E______ n'a jamais figuré au Registre du commerce de B______ comme disposant d'une quelconque capacité à représenter la société.
b. Dès 1992, A______ a exploité différents points de vente sous l'enseigne "[B______]".
c. Le 22 juin 1998, B______ et A______ ont conclu quatre contrats, portant chacun sur un point de vente différent, mais dont la teneur est au surplus identique, par lesquels, en substance, la première a concédé le droit exclusif d'exploiter sous son enseigne à Genève quatre points de vente à la seconde, laquelle s'est obligée à acheter et revendre les produits B______. Les quatre contrats étaient conclu pour une durée de dix ans à compter de leur signature, et tacitement renouvelables pour une période de durée égale, sauf dénonciation par lettre recommandée moyennant un préavis donné par l'une des parties six mois avant la première échéance.

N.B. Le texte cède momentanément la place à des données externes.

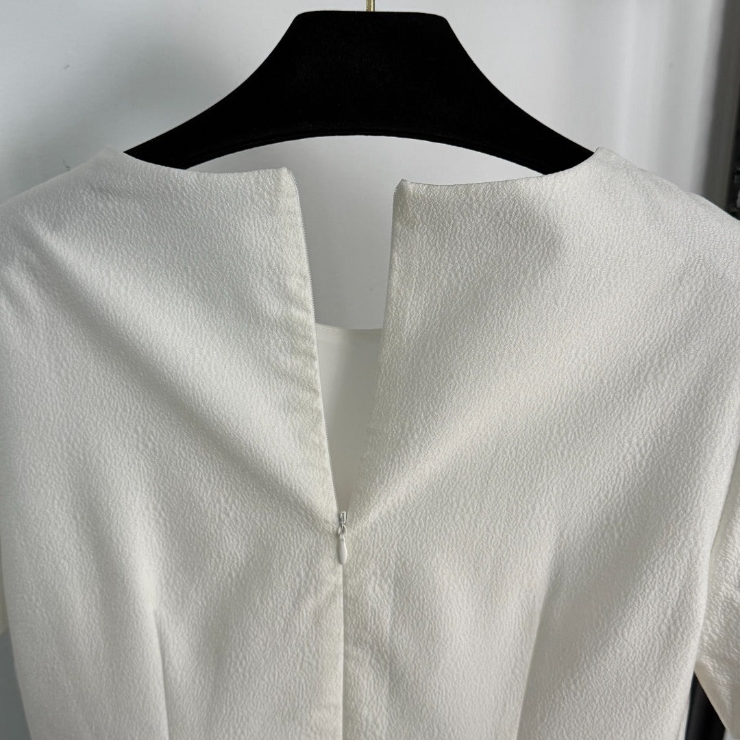 Heavily crafted diamond-studded shiny silk jacquard waist-length short-sleeved dress, the upper body is slim and thin, super temperament, heavy product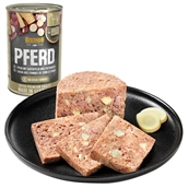 Fuldfoder dåsemad med indhold af hestekød og indmad i form af hjerte, mave, lever, lunge.

d. Les années suivantes, A______ a ouvert quatre points de vente supplémentaires à l'enseigne de B______ à Genève, avec l'autorisation de celle-ci, sans que les parties n'en formalisent l'exploitation par de nouveaux contrats écrits, étant entendu entre elles que les stipulations des contrats du 22 juin 1998 leur seraient pareillement applicables.
e. En fin d'année 2007, B______, souhaitant réaménager les modalités de ses relations avec A______, a résilié les contrats pour le 22 juin 2008, ce qui n'a pas été contesté par celle-ci.
B______ a ainsi initié des discussions avec A______ en vue de la signature de nouveaux contrats.
f. De 2008 à 2012, durant les négociations, B______ et A______ ont continué leur collaboration commerciale, nonobstant l'absence de contrats écrits en vigueur.
Dans ce cadre, A______ s'est prévalue de la baisse du cours de l'euro face au franc suisse pour obtenir une baisse de ses prix d'achat.
g. A______ allègue avoir conclu un accord oral avec le directeur de B______ à l'époque, E______, à la fin de l'année 2011, par lequel B______ lui accorderait, avec effet rétroactif au 1er janvier 2010, un rabais supplémentaire sur ses achats de produits passés et à venir, pour tenir compte de la baisse du cours de l'euro et financer des travaux d'aménagement de ses points de vente. A______ affirme que le montant de la ristourne devant être octroyée n'avait pas été convenu, dès lors qu'elle souhaitait une réduction de 16,5% du prix des achats alors que B______ proposait 10%.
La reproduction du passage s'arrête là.